Nuovi sviluppi nell’inchiesta sulla morte di Domenico Caliendo, il bambino deceduto dopo un trapianto di cuore, con due medici indagati anche per il reato di falso sulla cartella clinica.
Avrebbero modificato la cartella clinica di Domenico Caliendo, il bimbo morto a seguito di un trapianto di cuore: la Procura di Napoli contesta ora il reato di falso a due dei sette medici dell’ospedale Monaldi già indagati per la morte del piccolo.
Si tratta del cardiochirurgo Guido Oppido, che ha eseguito il trapianto, e della seconda operatrice Emma Bergonzoni.

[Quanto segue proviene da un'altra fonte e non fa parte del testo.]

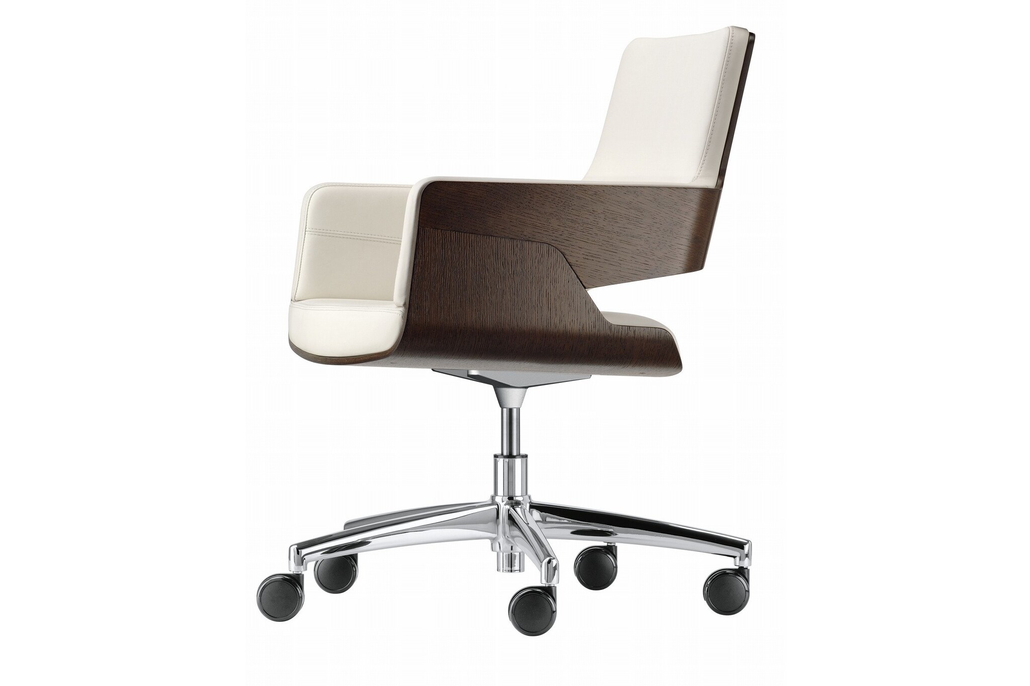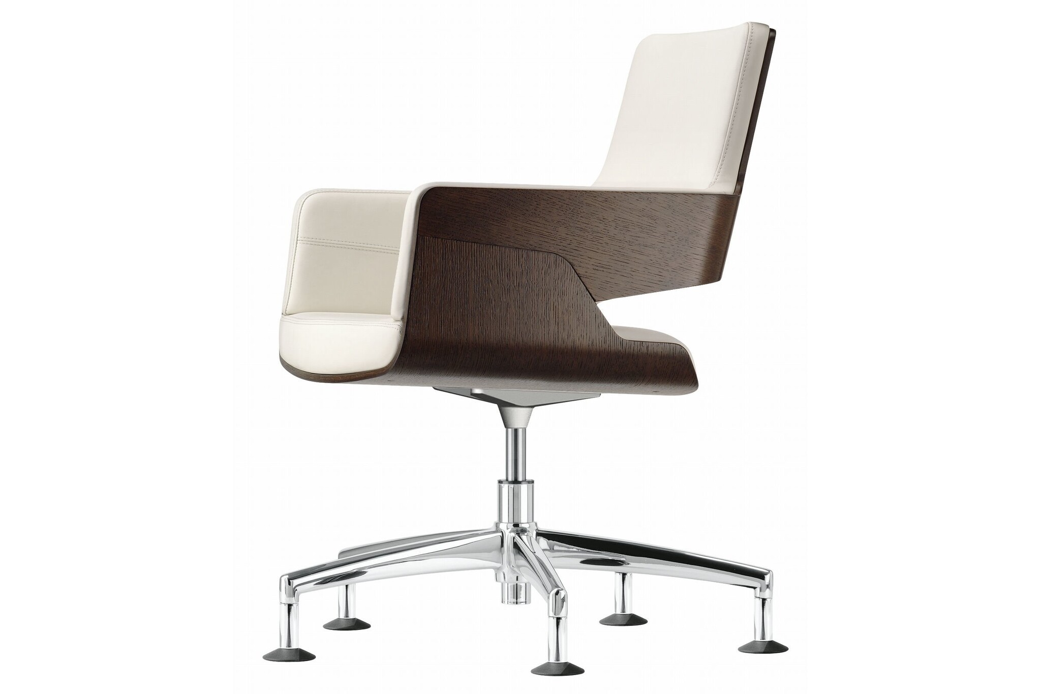 De Thonet S845 stoel kan toegepast worden in ontvangst- en vergaderkamers. De zitschaal is gemaakt van voorgevormd multiplex. Door het gebruik van fineer in diverse houtsoorten en beitskleuren alsmede door de verschillende soorten bekleding in stof en leder past de stoel binnen verschillende kantoorstijlen. Zo ook in die van u! De Thonet S845 is leverbaar op een 5-teens kruisvoet op wielen of glijders. De draaibare stoel heeft een terug draai mechanisme, waardoor de zitkuip altijd weer automatisch in de oorspronkelijke positie terugdraait.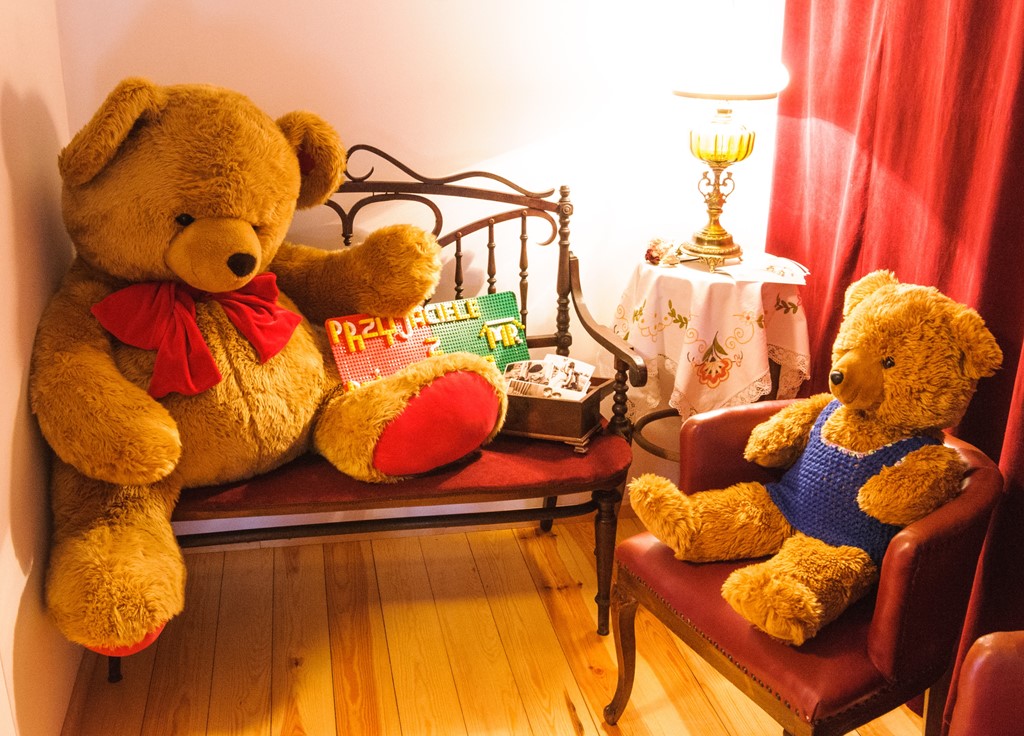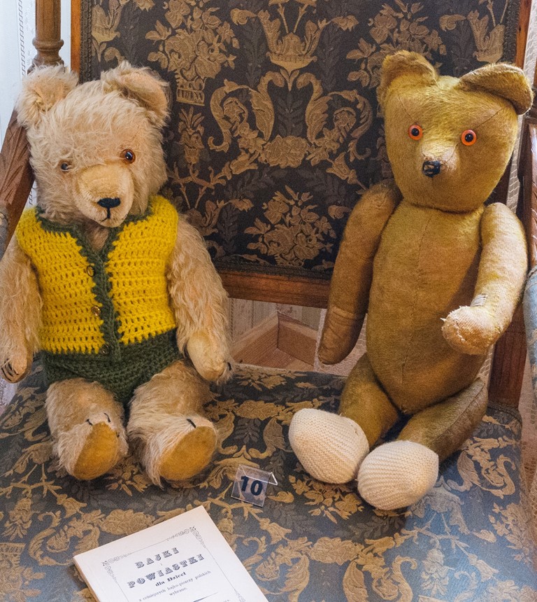 Po wejściu na poddasze na wystawie zabawek wita nas rodzina pluszowych niedźwiadków, z których najstarsze pochodzą z dwudziestolecia międzywojennego. Przy tej okazji warto nadmienić, iż w 2020 r. przypada 118. rocznica powstania pierwszego na świecie pluszowego misia zwanego „Teddy Bear” (na cześć prezydenta Stanów Zjednoczonych - Teodora Roosevelta). W Europie pluszowego niedźwiadka po raz pierwszy zaprezentowano w 1903 r. na targach zabawkarskich w Lipsku. Wystawiająca go firma założona w 1880 r. przez Margaretę Steiff w niemieckiej miejscowości Giengen dzięki produkcji pluszowych misiów stała się światową potęgą. Już w 1907 r. produkowała ich blisko 1.000.000, z czego większość była przeznaczona na eksport. Do dziś firma Steiff istnieje i prężnie działa, a jej pluszaki są najwyżej cenione wśród kolekcjonerów zabawek.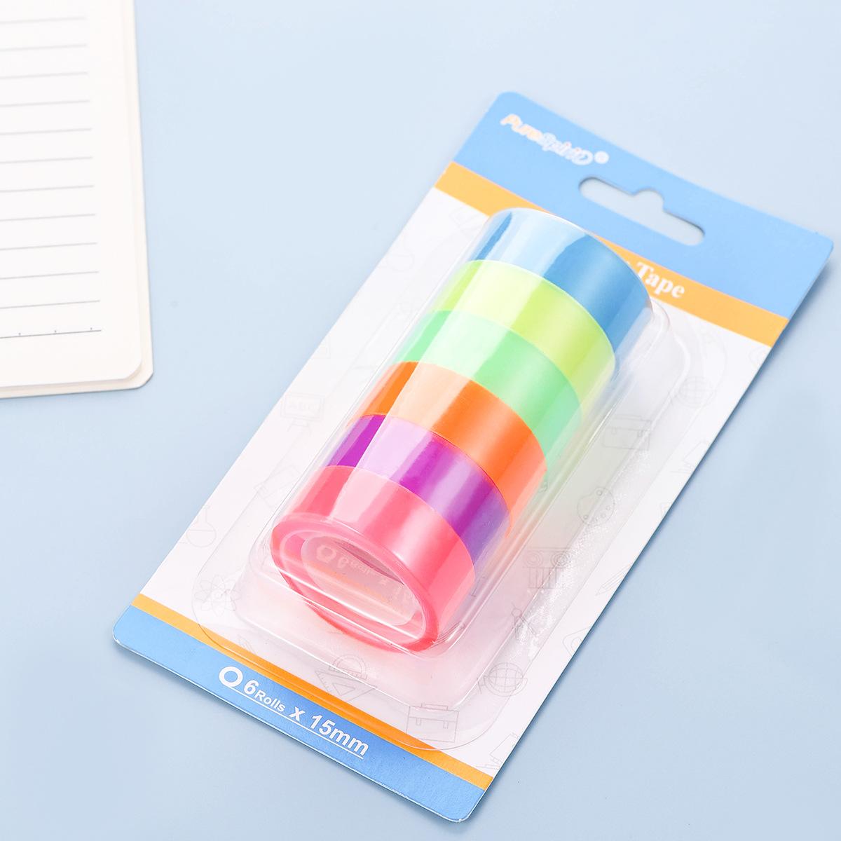 6 rollos de cinta transparente de arcoíris de color, papelería de corrección para estudiantes, cuenta a mano, volumen pequeño, cinta de oficina al por mayor, cuenta a mano

Per entrambi è stata richiesta al GIP una misura interdittiva e saranno ascoltati entro fine mese.
Secondo gli inquirenti, il pm Giuseppe Tittaferrante e il procuratore aggiunto Antonio Ricci, le contestazioni riguarderebbero in particolare modifiche agli orari di arrivo del cuore da Bolzano a Napoli.
I due medici sono già indagati per omicidio colposo in concorso, nell’ambito di un’inchiesta che sta seguendo l’intero percorso del trapianto cardiaco e le responsabilità mediche correlate.